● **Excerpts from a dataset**
★ ★ ★
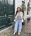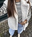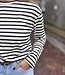 Mitch top 3234 met streepjes. De top heeft lange mouwen en is beige van kleur met blauwe strepen. De top is 61 cm lang en 49 cm breed gemeten bij maat ML. Het materiaal is 100% katoen.
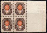 1 рубль. Коричневая / красная. Квартблок с полем листа.
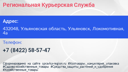 Региональная Курьерская Служба по адресу 432048, Ульяновская область, Ульяновск, Локомотивная, 4а в дальнейшем Организация, размещена в следующих категориях:
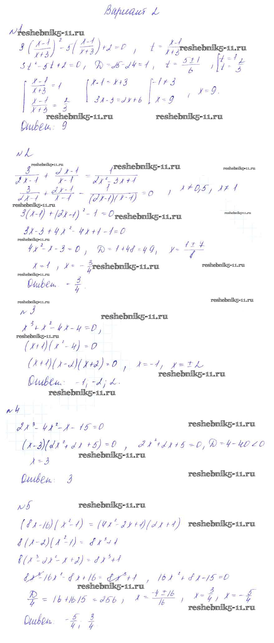 Готовая домашняя работа с ответами по Алгебре за 9 класс Зив, Гольдич Дидактические материалы Виктория плюс 2013 ФГОС - СР-2. Уравнения, сводящиеся к алгебраическим вариант 2
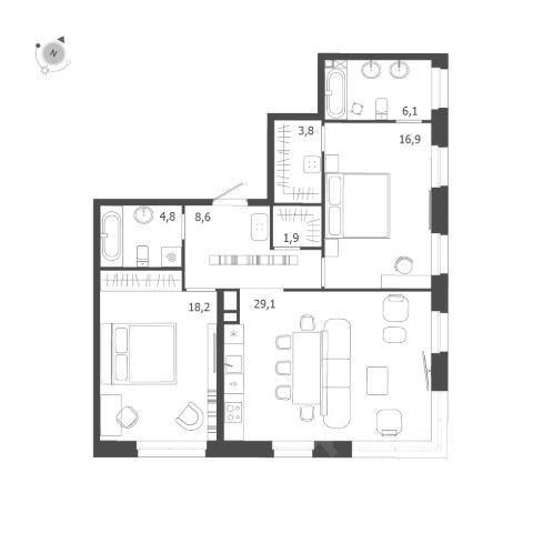 Продается квартира 241, по адресу г. Санкт-Петербург, улица Профессора Попова, дом 47, литера А, корпус Корпус 3 в ЛДМ на 6 этаже, с площадью 83.8 м2.
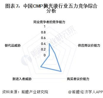 从五力竞争模型角度分析,CMP抛光液上游主要为研磨颗粒、分散剂、氧化剂等原材料,其中研磨颗粒是CMP抛光液上游的核心原材料,过去几年被国外的企业垄断,但随着中国企业技术的发展,部分企业实现了研磨粒子的自主制备。从下游应用领域来看,CMP抛光液广泛应用于集成电路、分立器件、光电子器件、传感器等产业,近年来这些产业发展迅速,对CMP抛光液需求大,不同领域使用的CMP抛光液产品差异较大,产品同质化程度一般。CMP抛光液行业壁垒较高,目前CMP抛光液市场主要由国外企业占领,国内参与者较少,但产品毛利率水平较高,行业吸引力较强。根据以上分析,对各方面的竞争情况进行量化,1代表最大,0代表最小,目前我国CMP抛光液行业五力竞争总结如下:
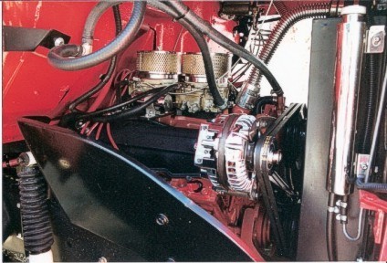 Norm rebuilt the original Polysphere engine with a Mopar Performance 4" Stroker crank, and we made other modifications to work with this heavy vehicle type of application. One of the most unexpected modifications is the late 1950's ('58?) dual-quad manifold that would have originally been installed on a Sport Fury. The pair of 390 cfm carburetors looks a little unusual in this truck, but the combination actually performs quite well. On my 2005 trip to the Mopar Nats, I got 7.5 mpg over the 1,000-mile round-trip while hauling the R/T. I had expected much worse, to be honest. While at cruising speed in high gear, it is turning approximately 3,500 rpm at 70 mph.
★ ★ ★
● **Task statement**
Exactly reproduce the lines above, starting at the one that contains "1 рубль. Коричневая" and ending at the one that contains "从五力竞争模型角度分析,CM", both inclusive; leave the pictures out and add no other lines.

● **Answer to this task**
 1 рубль. Коричневая / красная. Квартблок с полем листа.
 Региональная Курьерская Служба по адресу 432048, Ульяновская область, Ульяновск, Локомотивная, 4а в дальнейшем Организация, размещена в следующих категориях:
 Готовая домашняя работа с ответами по Алгебре за 9 класс Зив, Гольдич Дидактические материалы Виктория плюс 2013 ФГОС - СР-2. Уравнения, сводящиеся к алгебраическим вариант 2
 Продается квартира 241, по адресу г. Санкт-Петербург, улица Профессора Попова, дом 47, литера А, корпус Корпус 3 в ЛДМ на 6 этаже, с площадью 83.8 м2.
 从五力竞争模型角度分析,CMP抛光液上游主要为研磨颗粒、分散剂、氧化剂等原材料,其中研磨颗粒是CMP抛光液上游的核心原材料,过去几年被国外的企业垄断,但随着中国企业技术的发展,部分企业实现了研磨粒子的自主制备。从下游应用领域来看,CMP抛光液广泛应用于集成电路、分立器件、光电子器件、传感器等产业,近年来这些产业发展迅速,对CMP抛光液需求大,不同领域使用的CMP抛光液产品差异较大,产品同质化程度一般。CMP抛光液行业壁垒较高,目前CMP抛光液市场主要由国外企业占领,国内参与者较少,但产品毛利率水平较高,行业吸引力较强。根据以上分析,对各方面的竞争情况进行量化,1代表最大,0代表最小,目前我国CMP抛光液行业五力竞争总结如下:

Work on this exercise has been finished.